- [WORK ORDER]
The listing below is to be duplicated exactly, with every picture omitted.
++++++++++++++++++++
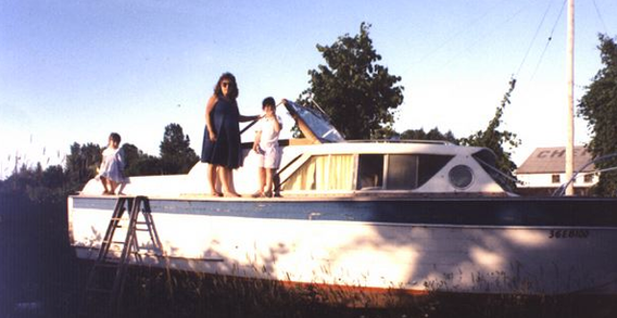 The Hendren's first wooden boat was this Chris-Craft. After 4 years of (off & on) restoration, and with a young family requiring frequent attention, the boat was sold - with the intention that "someday soon" we'd go looking for another boat. John had completed all of the woodwork, including some plank and rib replacement, a new transom and deck, as well as a mahogany insert along the top of the hull. We noted when stripping the transom, a board underneath had a scripted name, “Meanderer”. We've lost track of its whereabouts over the years. The last we knew, the motor had been restored, and it was in the stages of reassembling the interior.
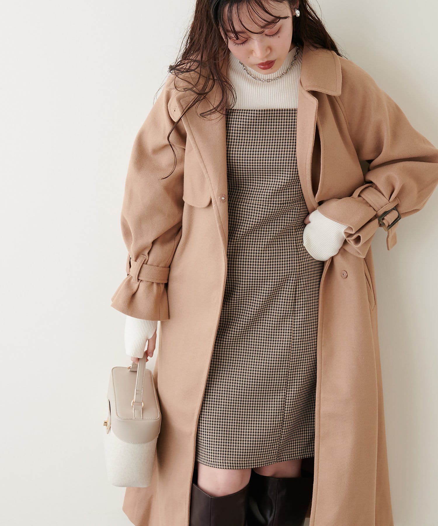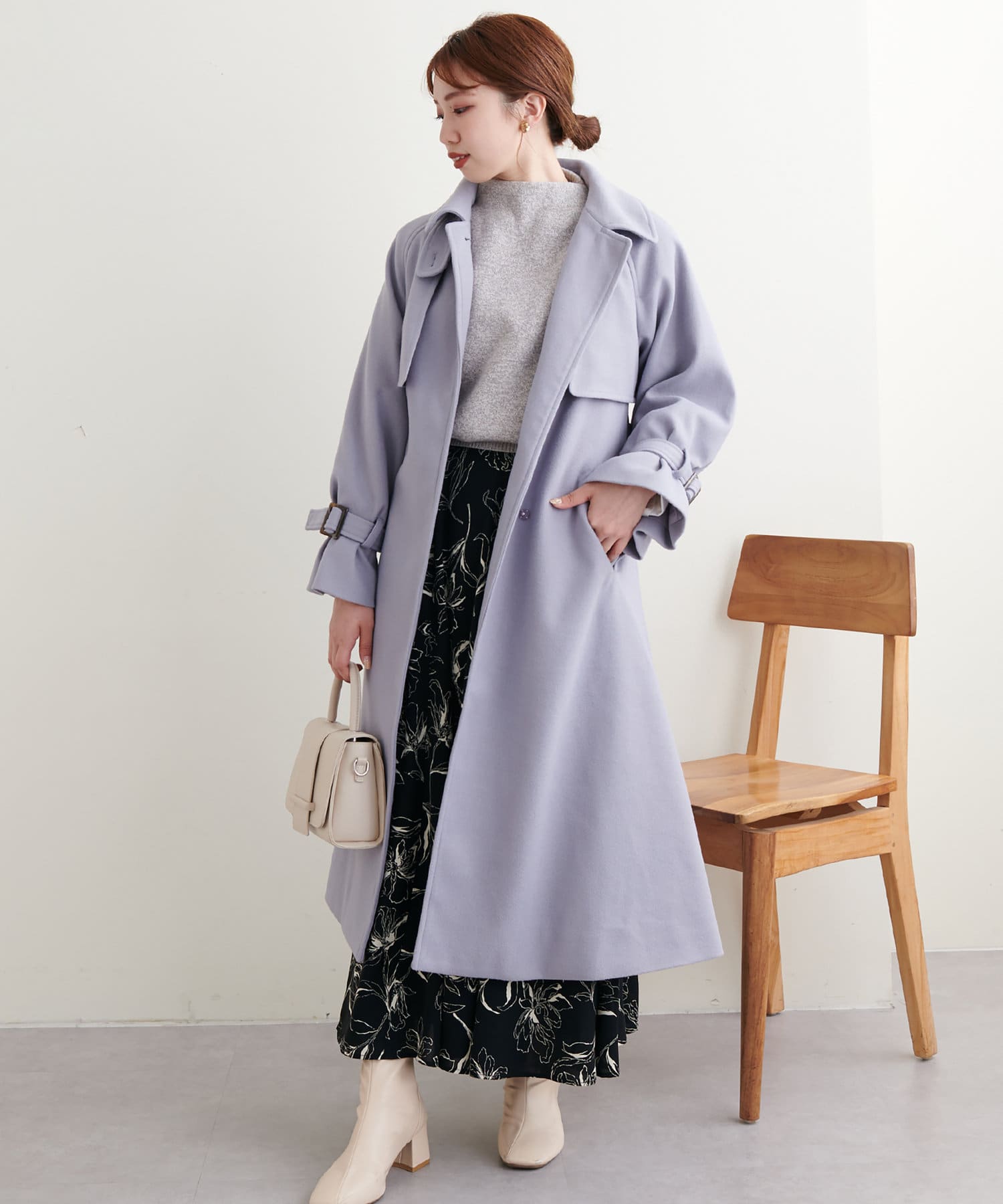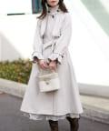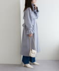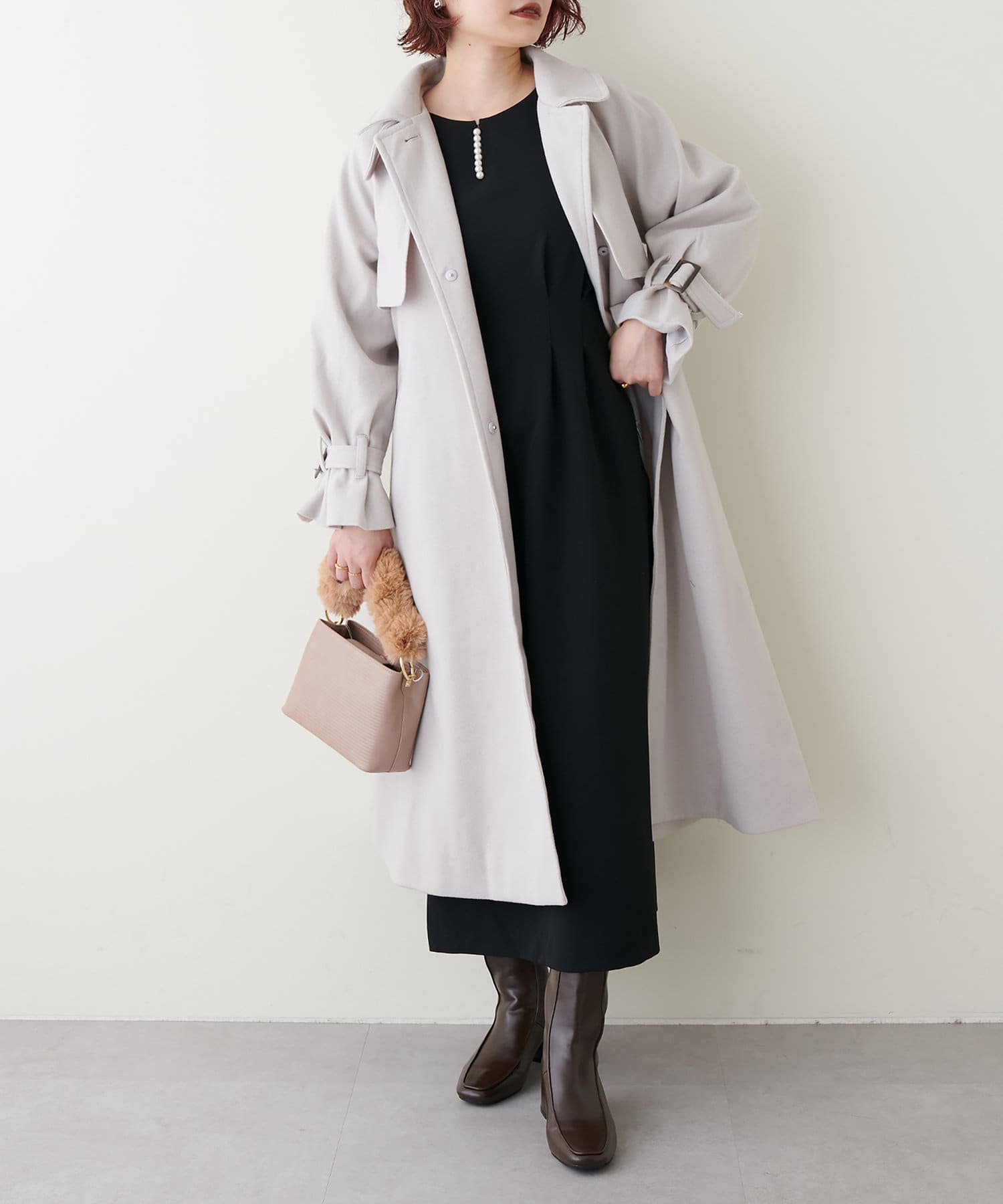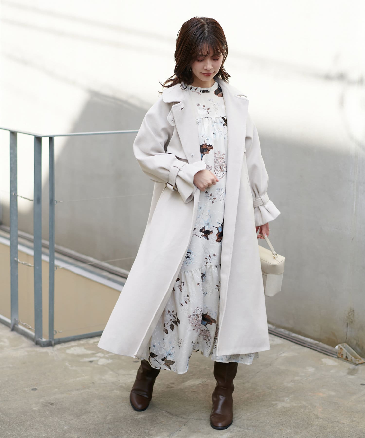 前を閉めるとふんわり裾の広がるワンピースようなシルエットになり、コーデにエレガントさをプラスしてくれます。
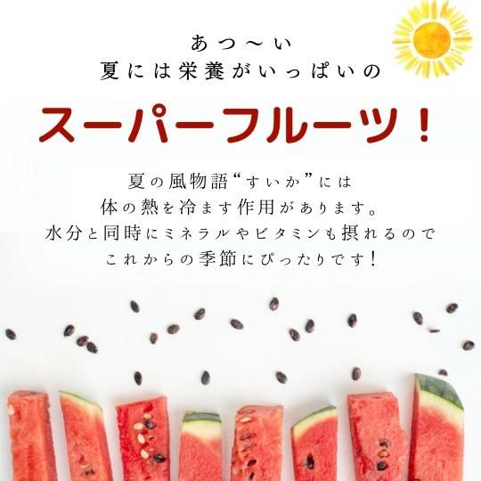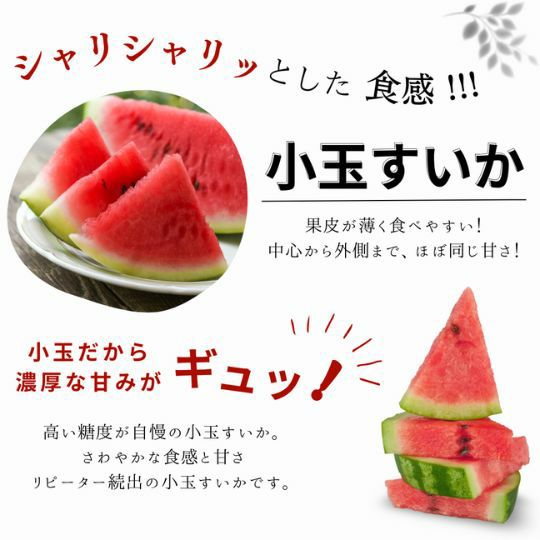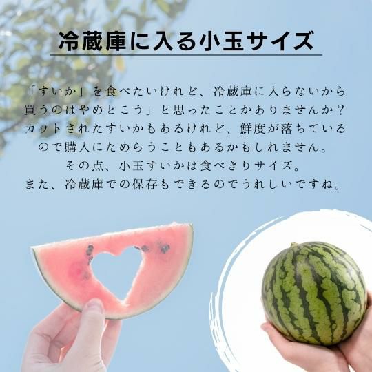 他の画像を見る 冷蔵庫にすっぽり、甘さはたっぷり!4月上旬頃より出荷予定 小玉すいか 1玉入り 送料込み 日時指定不可 予約商品 こちらは予約商品です 参考価格 ¥ 5,980 税込 予約販売価格 ¥ 5,680 税込 予約受付期間 2026/03/03 0:00 〜 2026/04/05 23:59 詳細を見る お気に入りに登録する 4.71 (レビュー:7件)
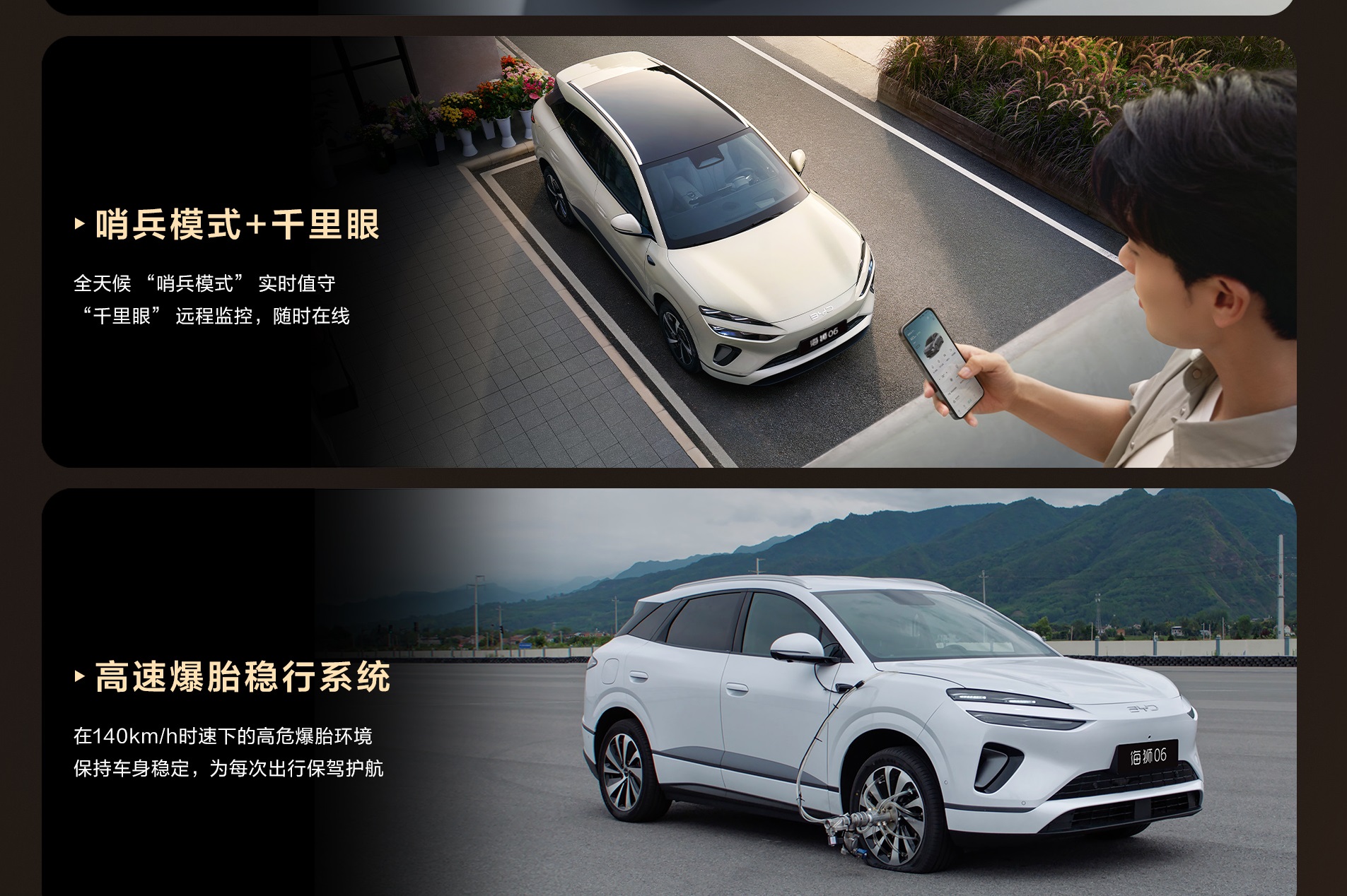 TBC (High-speed Tire Blowout Stability): ระบบช่วยคุมเสถียรภาพเมื่อ “ยางระเบิด” ที่ความเร็วสูง (สูงสุด 140 กม./ชม.) โดยระบบจะเข้าควบคุมเบรกและมอเตอร์เพื่อลดการส่ายของรถให้อยู่ในระยะไม่เกิน 0.75 เมตร
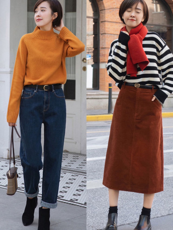 当然啦,说到这个秋冬季节一定要入手的单品,针织衫肯定是必不可少的,想要穿出时尚感,姐妹们可以去运用简单的纯色针织衫或者是个性的条纹针织衫凹造型,用这种简约款的服装彰显你的品味吧。
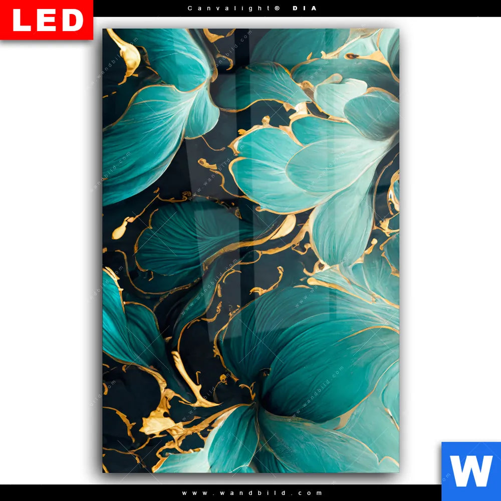 Wechselmotiv Acrylglas Canvalight® DIA | Marmor Blüten in türkis & gold | Hochformat
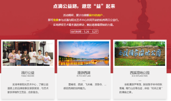 大爱无疆,在公益的路上,点滴身边从未停止,如今我们迎来了“阳光计划”第四季:“益”路向善,拥抱“阳光”! 5月10日至5月12日期间,出借人只需出借点滴身边的定期宝产品,除了获得收益外,单笔出借满指定额度,即可获得对应现金或工艺品奖励,每日累计出借前三名,可荣膺“阳光爱心大使”称号,分别获得300元、200元、100元出借红包的奖励。 另外,在第四季“阳光计划”中,点滴身边还将真正与你去拥抱“阳光”——在活动期间累计出借额前15名出借人,可免费参加杭州两日公益行! 届时我们将实地考察阳光艺术中心,了解公益道路上的品牌故事及荣获奖项,与艺术家携手制作工艺品,解锁工艺奥秘并合影留念;漫游西湖,领略雷峰塔、西湖、飞来峰、灵隐寺的独特魅力,感受上有天堂下有苏杭的醉人风景;同时我们还将参观西湖湿地公园坐船漫游芦苇荡、探访隐于林中的秋雪庵、梅竹山庄等古迹,体验“杭州之肾“的清幽,岂不也是一种惬意快哉?
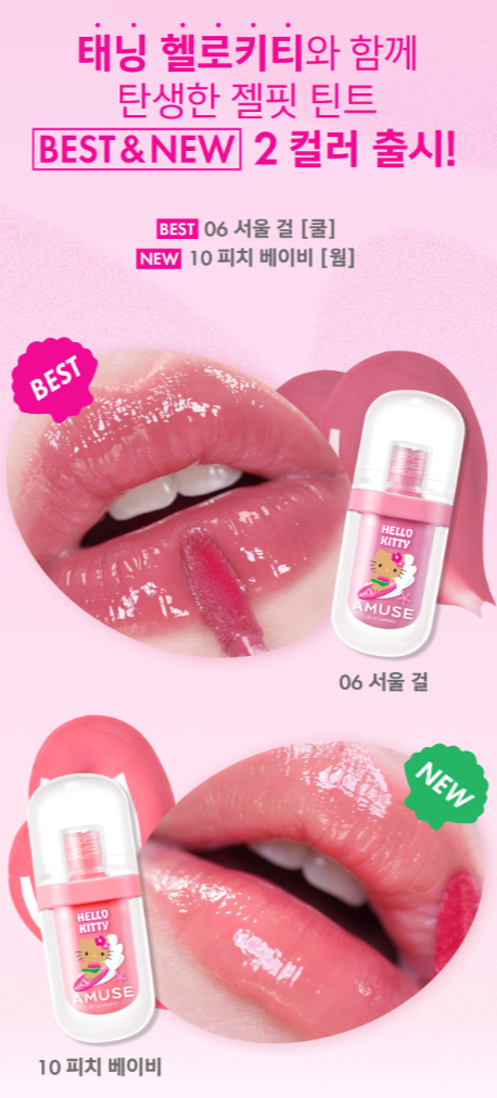 태닝 헬로키티 콜라보 한정 에디션 젤핏 틴트는 쿨에는 06 서울걸, 10 피치 베이비가 포함되어 있네요. 느낌은 젤핏 틴트의 쫀쫀한 느낌이 있네요.
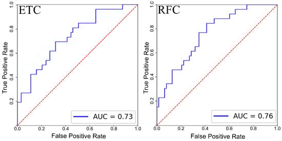 Figure 5 shows the area under the curve results for the best-performing models. The best performance was obtained by the Random Forest and ExtraTrees classifiers. Area under the curve scores of 0.76 and 0.73 for RFC and ETC, respectively, can be considered a measure of a reasonable predictive capability by these algorithms. The DTC, ABC, and GBC models show raw test scores below 0.67. The best-performing algorithms were also selected based on the F1 score values for both classes since it was observed that F1 values for the positive class were systematically lower than for the negative class. The RFC and ETC F1 scores exceeded those of the other algorithms, which barely reached 0.45, while these models exceeded 0.50.
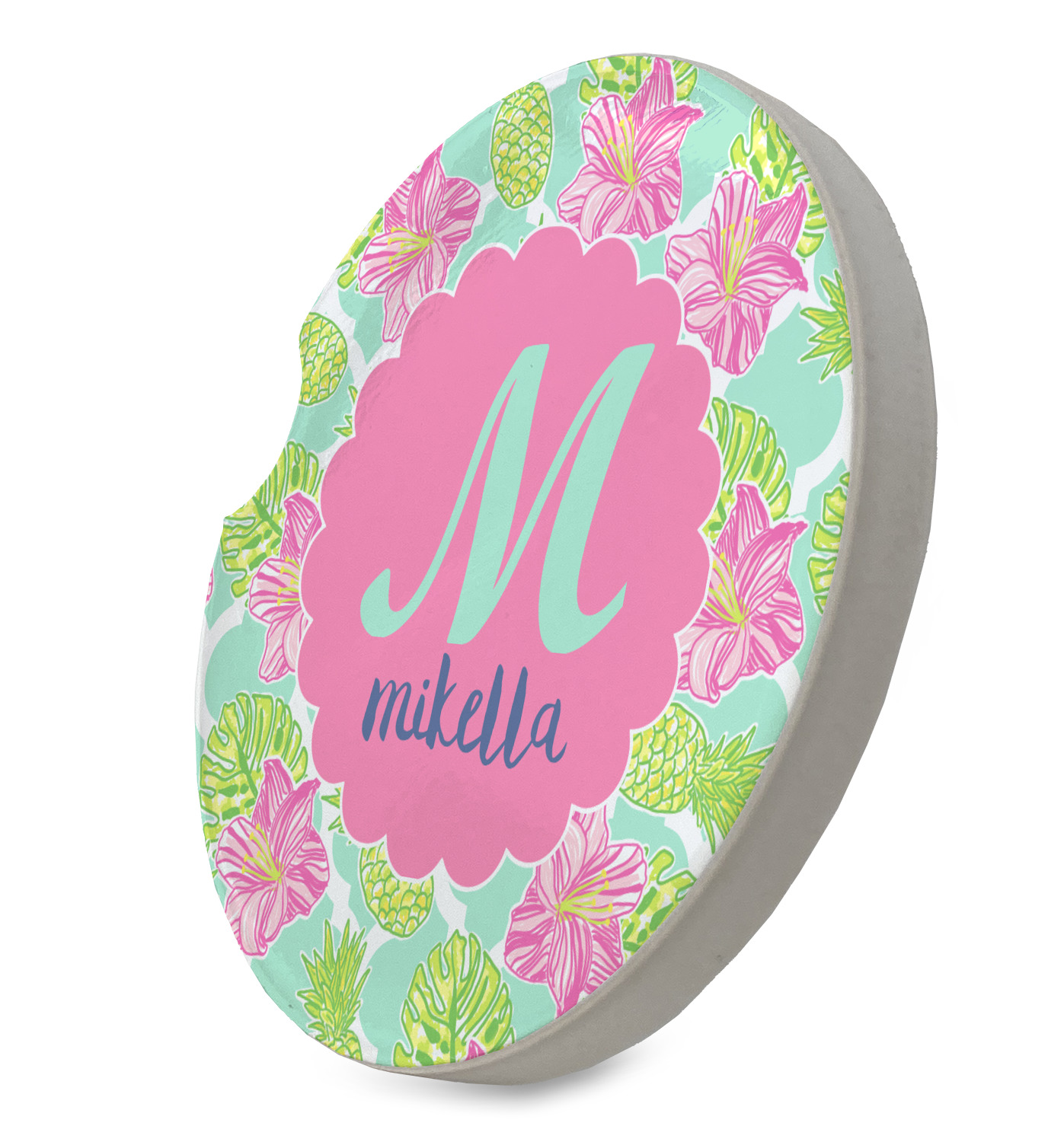The background is a mint and white Moroccan lattice with brightly colored hibiscus flowers and pineapples. A scalloped frame sits in the center of the design with a fun name and initial personalization. With all of the fun bright yellows, greens, and pinks, you will just fawn over this design.
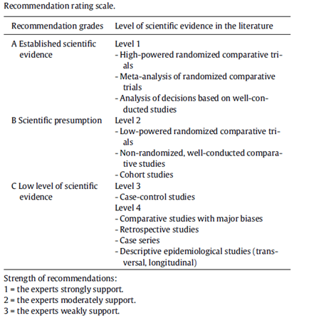 Figure 3.  Scale for grading recommendations and levels of scientific evidence
++++++++++++++++++++
- [SOLUTION FOR THIS TASK]
 The Hendren's first wooden boat was this Chris-Craft. After 4 years of (off & on) restoration, and with a young family requiring frequent attention, the boat was sold - with the intention that "someday soon" we'd go looking for another boat. John had completed all of the woodwork, including some plank and rib replacement, a new transom and deck, as well as a mahogany insert along the top of the hull. We noted when stripping the transom, a board underneath had a scripted name, “Meanderer”. We've lost track of its whereabouts over the years. The last we knew, the motor had been restored, and it was in the stages of reassembling the interior.
 前を閉めるとふんわり裾の広がるワンピースようなシルエットになり、コーデにエレガントさをプラスしてくれます。
 他の画像を見る 冷蔵庫にすっぽり、甘さはたっぷり!4月上旬頃より出荷予定 小玉すいか 1玉入り 送料込み 日時指定不可 予約商品 こちらは予約商品です 参考価格 ¥ 5,980 税込 予約販売価格 ¥ 5,680 税込 予約受付期間 2026/03/03 0:00 〜 2026/04/05 23:59 詳細を見る お気に入りに登録する 4.71 (レビュー:7件)
 TBC (High-speed Tire Blowout Stability): ระบบช่วยคุมเสถียรภาพเมื่อ “ยางระเบิด” ที่ความเร็วสูง (สูงสุด 140 กม./ชม.) โดยระบบจะเข้าควบคุมเบรกและมอเตอร์เพื่อลดการส่ายของรถให้อยู่ในระยะไม่เกิน 0.75 เมตร
 当然啦,说到这个秋冬季节一定要入手的单品,针织衫肯定是必不可少的,想要穿出时尚感,姐妹们可以去运用简单的纯色针织衫或者是个性的条纹针织衫凹造型,用这种简约款的服装彰显你的品味吧。
 Wechselmotiv Acrylglas Canvalight® DIA | Marmor Blüten in türkis & gold | Hochformat
 大爱无疆,在公益的路上,点滴身边从未停止,如今我们迎来了“阳光计划”第四季:“益”路向善,拥抱“阳光”! 5月10日至5月12日期间,出借人只需出借点滴身边的定期宝产品,除了获得收益外,单笔出借满指定额度,即可获得对应现金或工艺品奖励,每日累计出借前三名,可荣膺“阳光爱心大使”称号,分别获得300元、200元、100元出借红包的奖励。 另外,在第四季“阳光计划”中,点滴身边还将真正与你去拥抱“阳光”——在活动期间累计出借额前15名出借人,可免费参加杭州两日公益行! 届时我们将实地考察阳光艺术中心,了解公益道路上的品牌故事及荣获奖项,与艺术家携手制作工艺品,解锁工艺奥秘并合影留念;漫游西湖,领略雷峰塔、西湖、飞来峰、灵隐寺的独特魅力,感受上有天堂下有苏杭的醉人风景;同时我们还将参观西湖湿地公园坐船漫游芦苇荡、探访隐于林中的秋雪庵、梅竹山庄等古迹,体验“杭州之肾“的清幽,岂不也是一种惬意快哉?
 태닝 헬로키티 콜라보 한정 에디션 젤핏 틴트는 쿨에는 06 서울걸, 10 피치 베이비가 포함되어 있네요. 느낌은 젤핏 틴트의 쫀쫀한 느낌이 있네요.
 Figure 5 shows the area under the curve results for the best-performing models. The best performance was obtained by the Random Forest and ExtraTrees classifiers. Area under the curve scores of 0.76 and 0.73 for RFC and ETC, respectively, can be considered a measure of a reasonable predictive capability by these algorithms. The DTC, ABC, and GBC models show raw test scores below 0.67. The best-performing algorithms were also selected based on the F1 score values for both classes since it was observed that F1 values for the positive class were systematically lower than for the negative class. The RFC and ETC F1 scores exceeded those of the other algorithms, which barely reached 0.45, while these models exceeded 0.50.
The background is a mint and white Moroccan lattice with brightly colored hibiscus flowers and pineapples. A scalloped frame sits in the center of the design with a fun name and initial personalization. With all of the fun bright yellows, greens, and pinks, you will just fawn over this design.
 Figure 3.  Scale for grading recommendations and levels of scientific evidence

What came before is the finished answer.